**Work instructions**
Pictures aside, reproduce exactly and only the lines below, starting at the one containing "This marble side" and ending at the last line.

**Data below**
▽
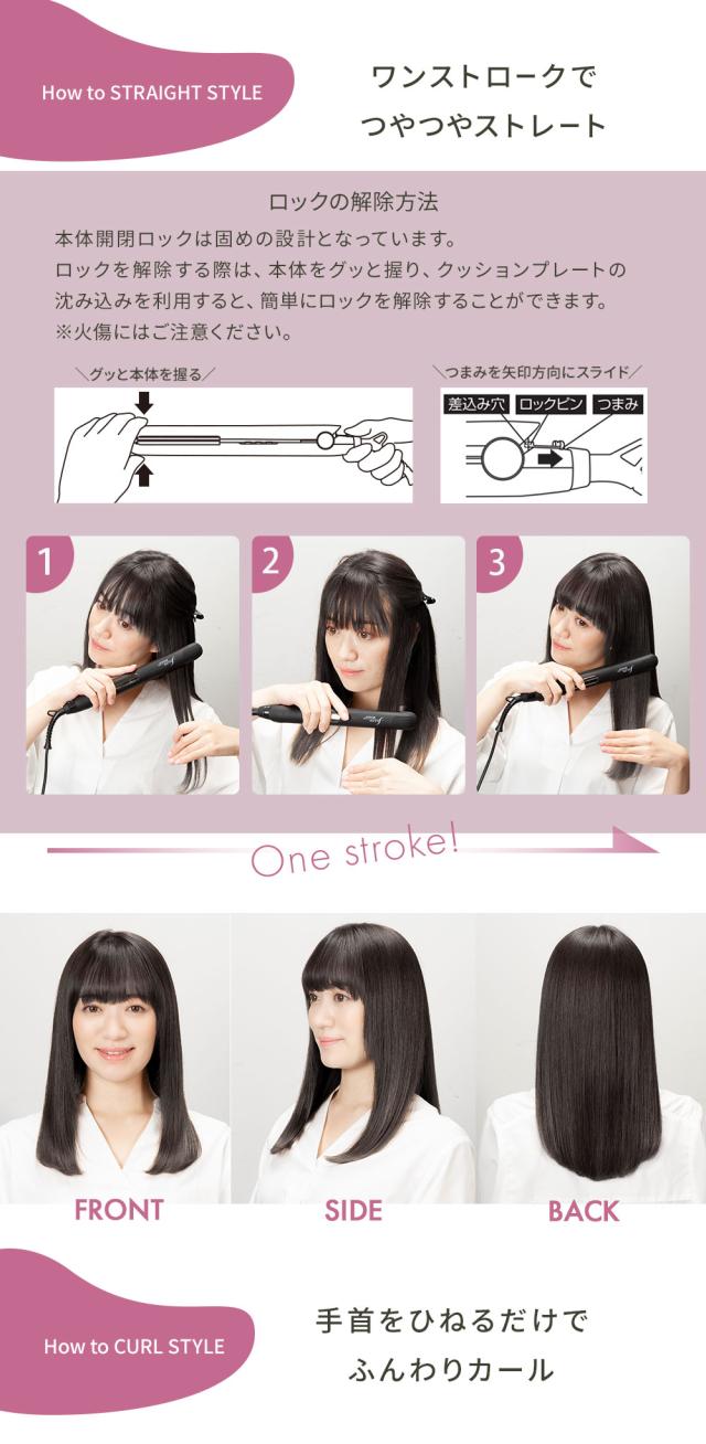 ストレート アイロン としてだけではなく 内巻き 外巻きウェーブ カール など まるで カール アイロン ( コテ )と 遜色なく使える 万能 ヘアアイロン です。
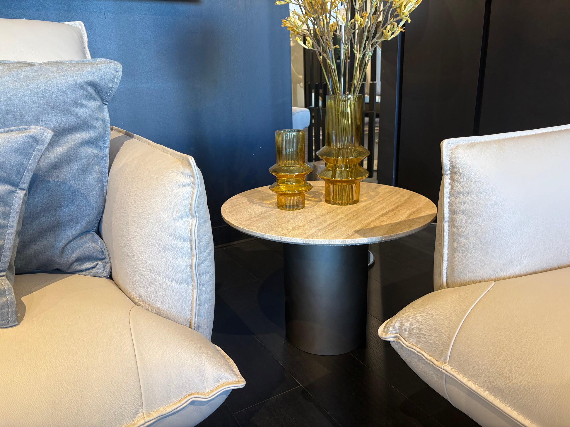 This marble side table is from Eforma as part of their Cilindro collection. The table's design focuses on the geometrical designs of cylinders with the night black base and highlights curves in the edges of the piece with the round crafted marble top.
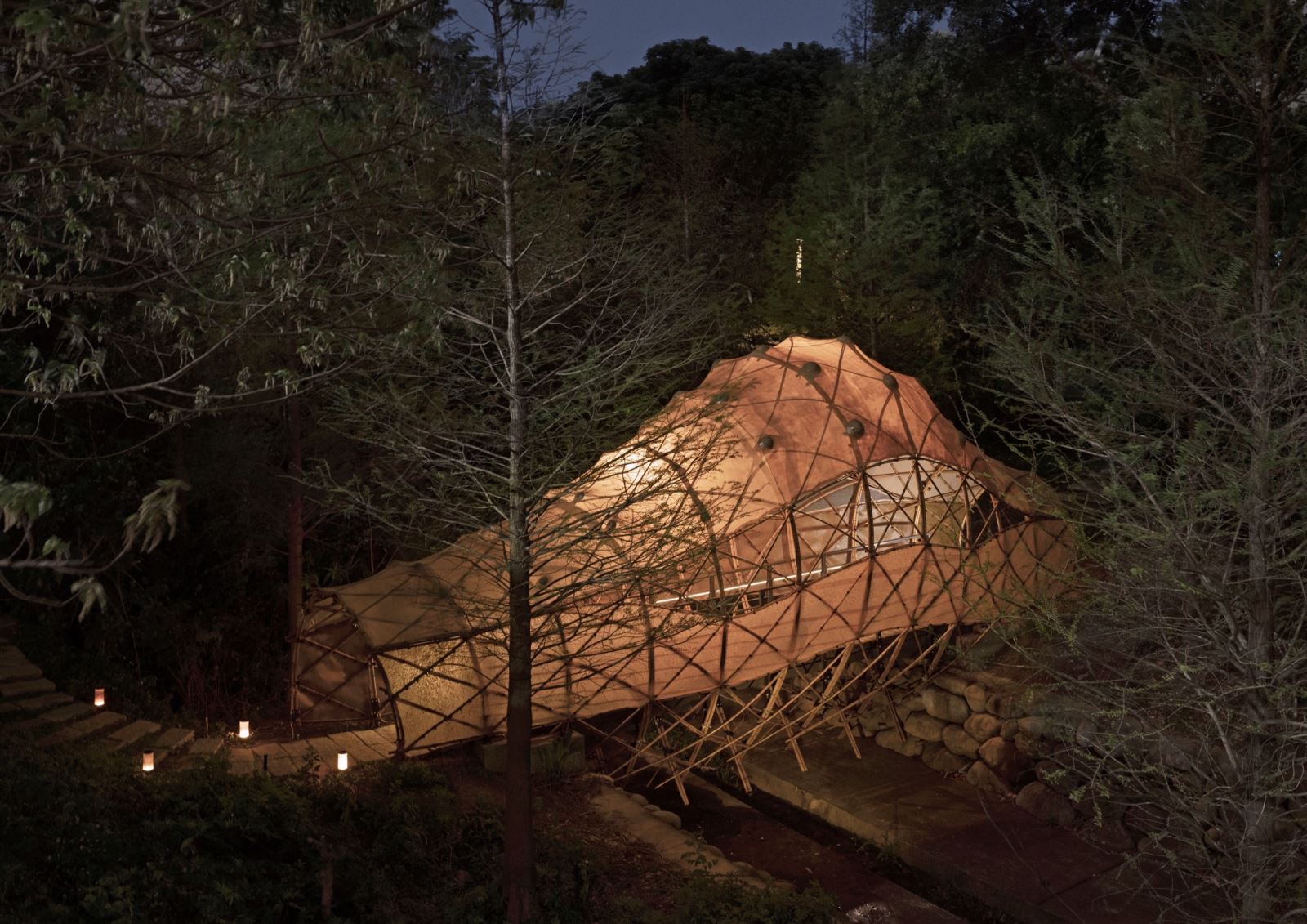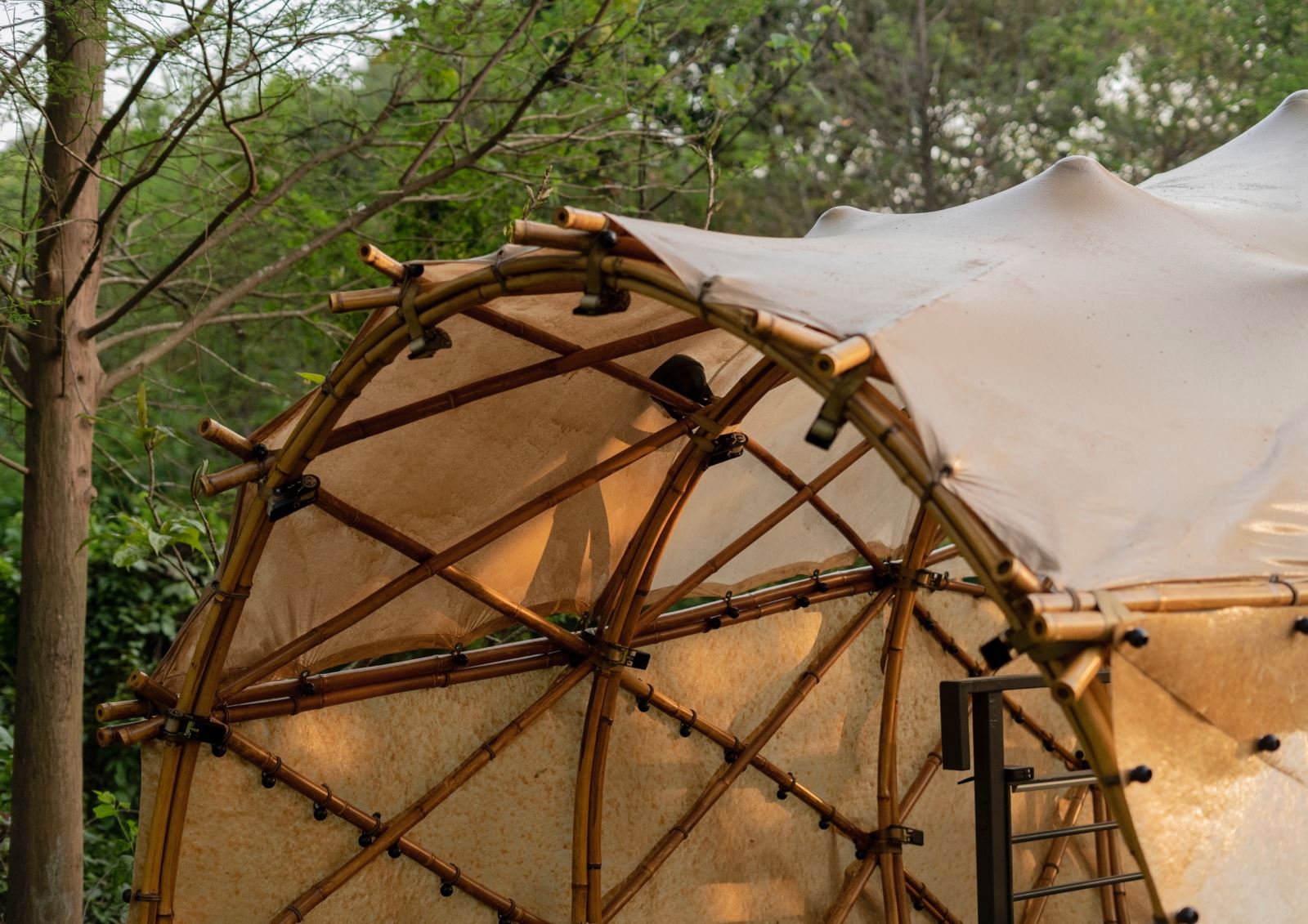 4創新:⾸創全⽵蒸汽彎曲⽵結構與⽪層透光層次,傳遞藝術性與⾃然建築的前瞻。
△
**Task response**
 This marble side table is from Eforma as part of their Cilindro collection. The table's design focuses on the geometrical designs of cylinders with the night black base and highlights curves in the edges of the piece with the round crafted marble top.
 4創新:⾸創全⽵蒸汽彎曲⽵結構與⽪層透光層次,傳遞藝術性與⾃然建築的前瞻。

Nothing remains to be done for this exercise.